DATA BELOW:

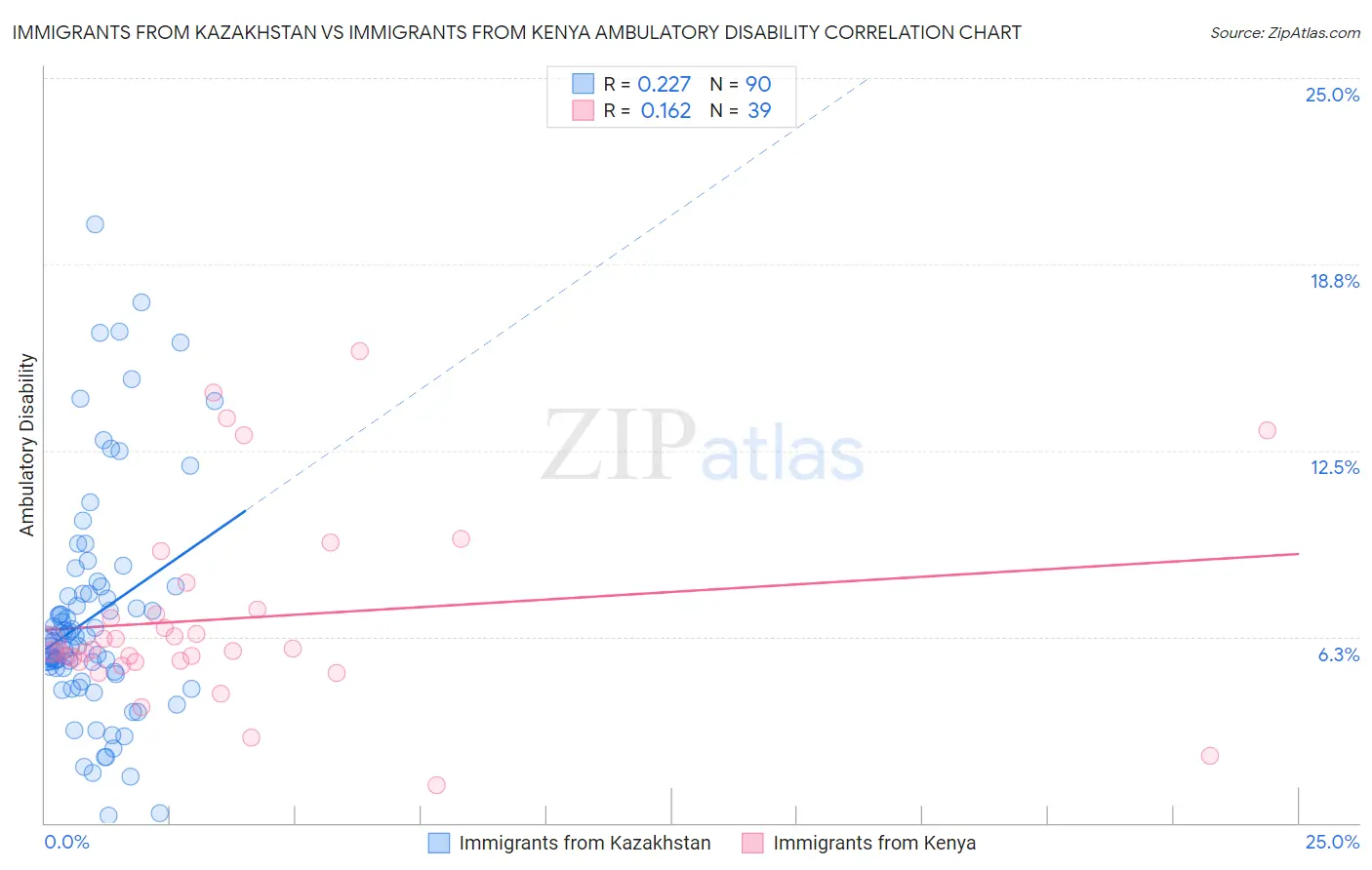 Immigrants from Kazakhstan vs Immigrants from Kenya Ambulatory Disability Correlation Chart
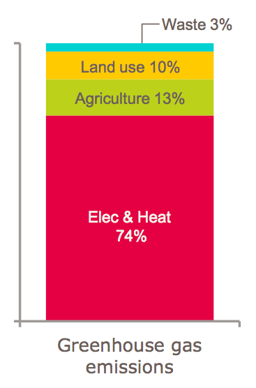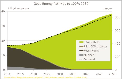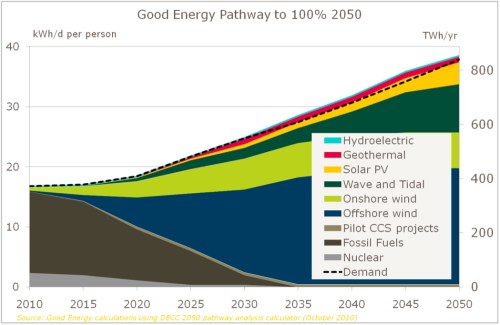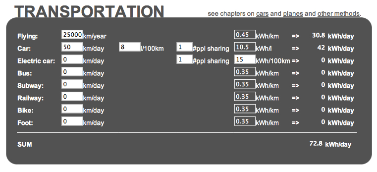 He starts by calculating that “the average raw power of sunshine per square metre of flat ground (in the UK) is roughly 100 W/m2″. However, with a 10% efficiency photovoltaic panel, of the 100 W/m2 only 10 W/m2 is converted into electricity. From my last post we also know that if we leave a 40W light bulb on all day, it will use up nearly 1 kWh of power (0.04kW times 24). So if we generate 10 W per a one metre squared solar panel, we will get a quarter of that in energy, or 0.25 kWh. MacKay in his calculation has allocated 5% of the UK’s land mass to be used for solar power, which gives 200 m2 to each UK citizen. Times 200 by 0.25 kWh and we get 50 kWh per person per day, which compares with total energy demand of 125 kWh per person per day.
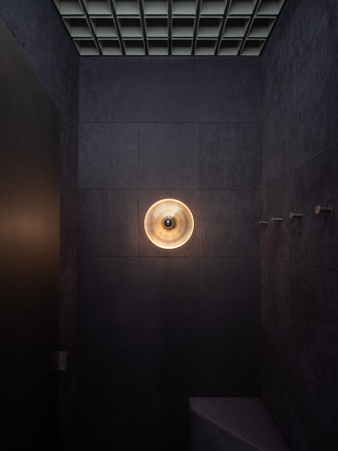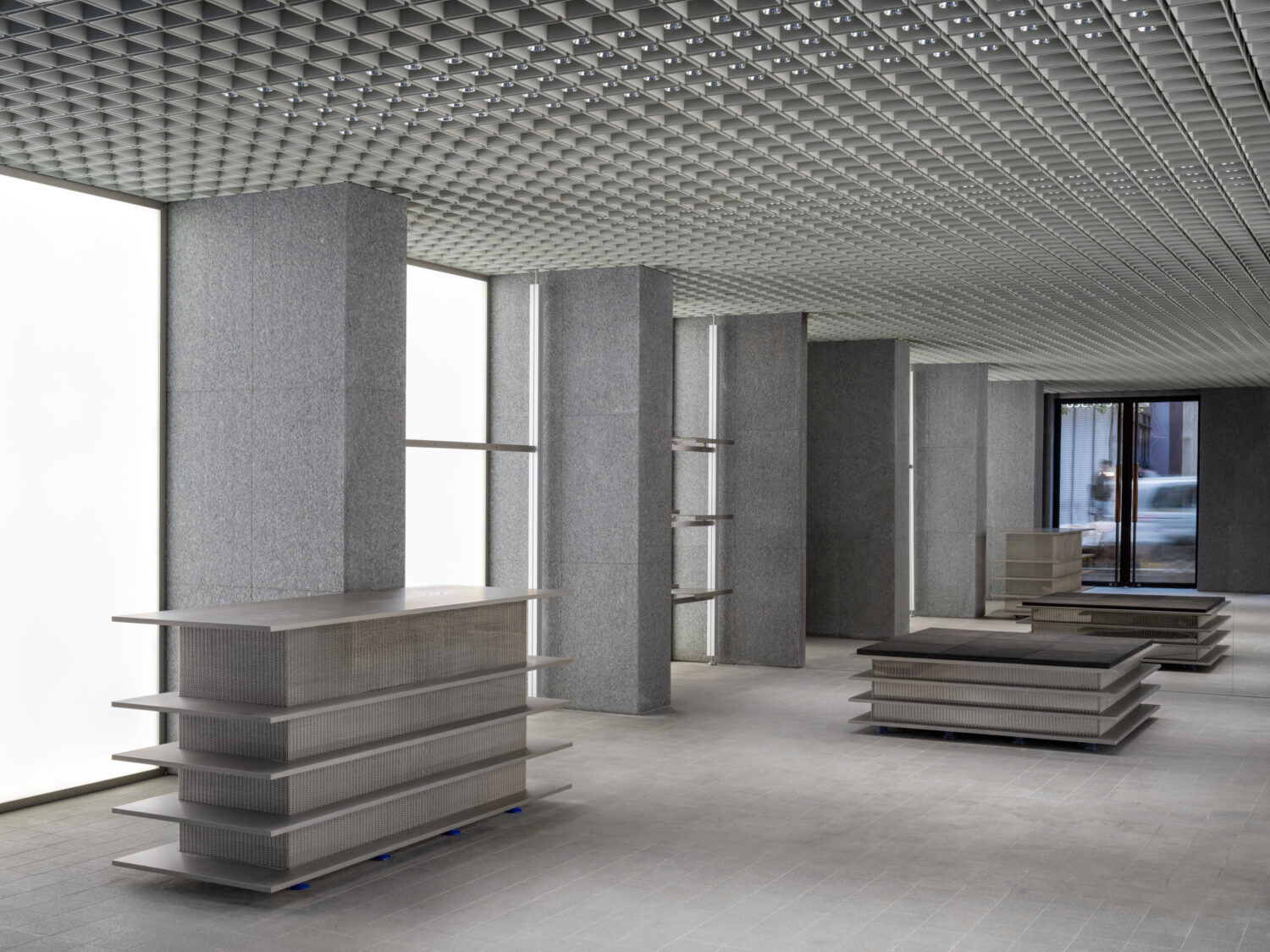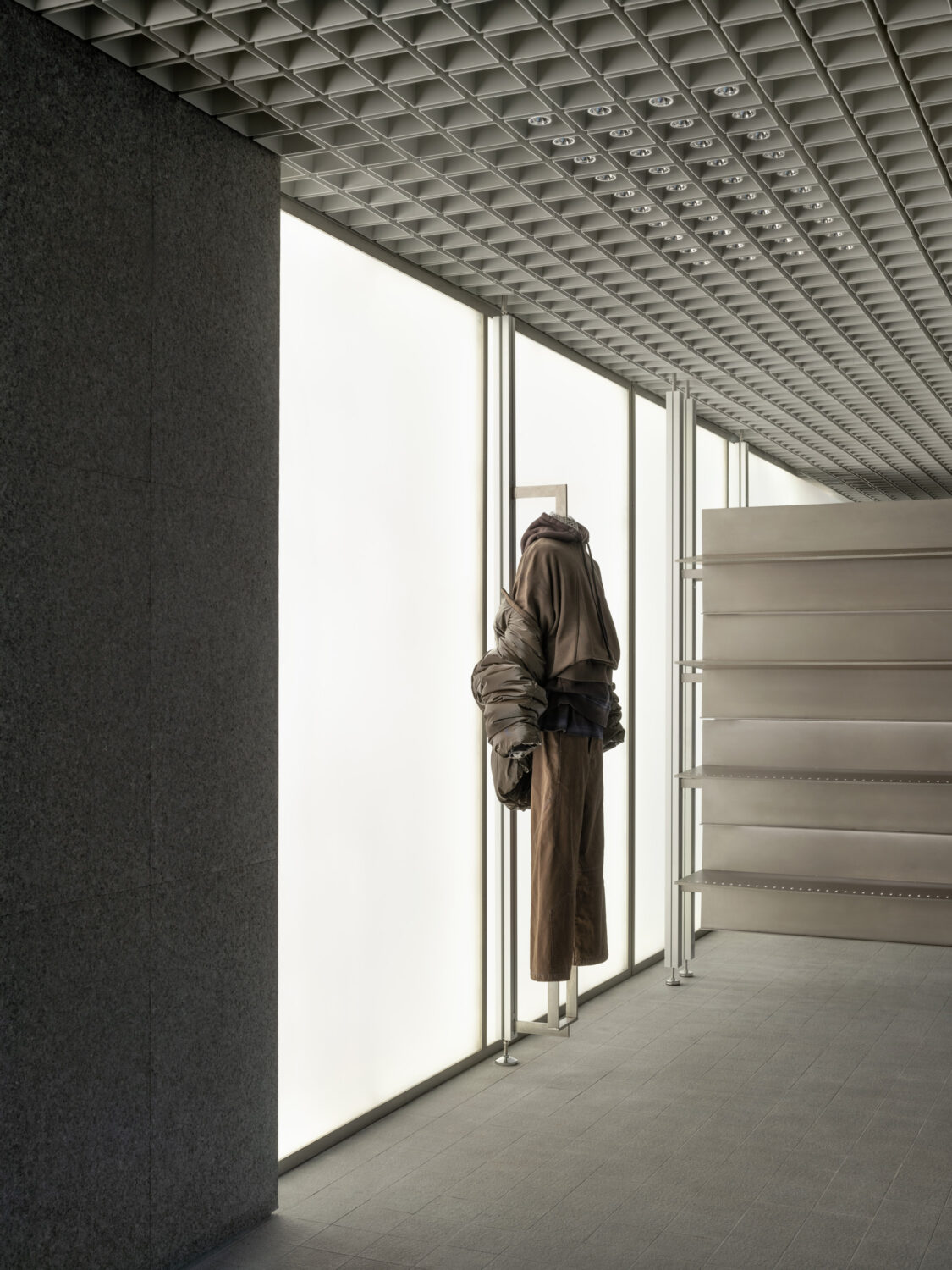 The material palette, including bush-hammered stone, sandblasted glass, brushed aluminium, and woven steel mesh, juxtaposes qualities of permanence and temporality, the natural and industrial. Stone evokes historical weight, while softly illuminated translucent glass lends a sense of ephemerality, crafting an atmosphere that feels both raw and refined. Each material has its own purpose: stone embodies the space with a sense of historical permanence, while the softly illuminated translucent glass introduces an ephemeral & fluid tectonic. The materials come together to create a clear spatial identity for A-COLD-WALL* that feels simultaneously raw, refined and dynamic.

WORK REQUEST:
Reprint the listing above verbatim but drop the images.

RESULT OF THE EXERCISE:
 Immigrants from Kazakhstan vs Immigrants from Kenya Ambulatory Disability Correlation Chart
 He starts by calculating that “the average raw power of sunshine per square metre of flat ground (in the UK) is roughly 100 W/m2″. However, with a 10% efficiency photovoltaic panel, of the 100 W/m2 only 10 W/m2 is converted into electricity. From my last post we also know that if we leave a 40W light bulb on all day, it will use up nearly 1 kWh of power (0.04kW times 24). So if we generate 10 W per a one metre squared solar panel, we will get a quarter of that in energy, or 0.25 kWh. MacKay in his calculation has allocated 5% of the UK’s land mass to be used for solar power, which gives 200 m2 to each UK citizen. Times 200 by 0.25 kWh and we get 50 kWh per person per day, which compares with total energy demand of 125 kWh per person per day.
 The material palette, including bush-hammered stone, sandblasted glass, brushed aluminium, and woven steel mesh, juxtaposes qualities of permanence and temporality, the natural and industrial. Stone evokes historical weight, while softly illuminated translucent glass lends a sense of ephemerality, crafting an atmosphere that feels both raw and refined. Each material has its own purpose: stone embodies the space with a sense of historical permanence, while the softly illuminated translucent glass introduces an ephemeral & fluid tectonic. The materials come together to create a clear spatial identity for A-COLD-WALL* that feels simultaneously raw, refined and dynamic.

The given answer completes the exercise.